GP2: Senna i Chandhok kierowcami iSport w sezonie 2008
"Nasz pierwszy kontakt z Bruno został nawiązany już pod koniec 2006 roku"
19.12.0713:15
2501wyświetlenia
Zespól iSport International ogłosił dzisiaj swój skład kierowców na sezon 2008. Utworzą go dwaj tegoroczni zwycięzcy wyścigów GP2 - Bruno Senna i Karun Chandhok, którzy będą startowali zarówno w głównej serii, jak i nowoutworzonych mistrzostwach GP2 Asia.
Nasz pierwszy kontakt z Bruno został nawiązany już pod koniec 2006 roku, kiedy testował z nami i wywarł imponujące wrażenie na zespole w bardzo trudnych warunkach.- czytamy w komunikacie prasowym iSport.
Oglądaliśmy jego postępy w trakcie sezonu 2007 i jesteśmy pewni, że jest gotowy do walki o mistrzostwo. Charakter i podejście Bruno dobrze pasują do naszego zespołu i mamy nadzieję, że będziemy z nim mieli udany sezon.

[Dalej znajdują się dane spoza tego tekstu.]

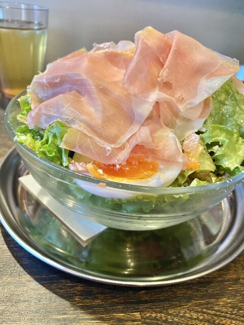 大きいサラダに自家製?ドレッシングをたっぷりと掛けてモグモグ。生ハムとサラダやドレッシングが合って美味しい。これだけ食べ続けたいくらい٩(>ω<*)وサラダの野菜も色々な種類があり大満足出来るランチサラダ!

Karun był jedną z niespodzianek sezonu 2007 i ponownie wywarł na nas dobre wrażenie podczas testów z nami w Jerez. Stający się szybko czołowym sportowcem Indii Karun jest doskonałym kandydatem do Asia Series, a także znalazł się teraz w doskonałym położeniu by wykonać krok naprzód w głównej serii i stać się jej czołowym zawodnikiem. Jest spokojny, inteligentny i utworzy świetną parę z Bruno.
Senna reprezentował w tym roku barwy zespołu Arden i sezon 2007 ukończył na ósmej pozycji z dorobkiem 34 punktów i jednym zwycięstwem odniesionym w głównym wyścigu na torze Catalunya. Startujący w zespole Durango Chandhok wygrał tymczasem główny wyścig na torze Spa-Francorchamps, jednak w klasyfikacje generalnej zajął dopiero 15 miejsce z dorobkiem 16 punktów. Mimo to Hindus liczy na awans do Formuły 1 już w 2009 roku.
Moje szanse wyglądają znacznie lepiej niż rok, czy dwa lata temu.- powiedział Karun agencji prasowej PTI.
Będzie dobra okazja na starty w Formule Jeden (w 2009), ponieważ wiele kontraktów wygaśnie z końcem następnego sezonu. Jeśli chodzi o Force India, (Vijay) Mallya dał wyraźnie do zrozumienia, że wybór kierowcy będzie oparty na umiejętnościach, a nie na narodowości i w stu procentach się z nim zgadzam.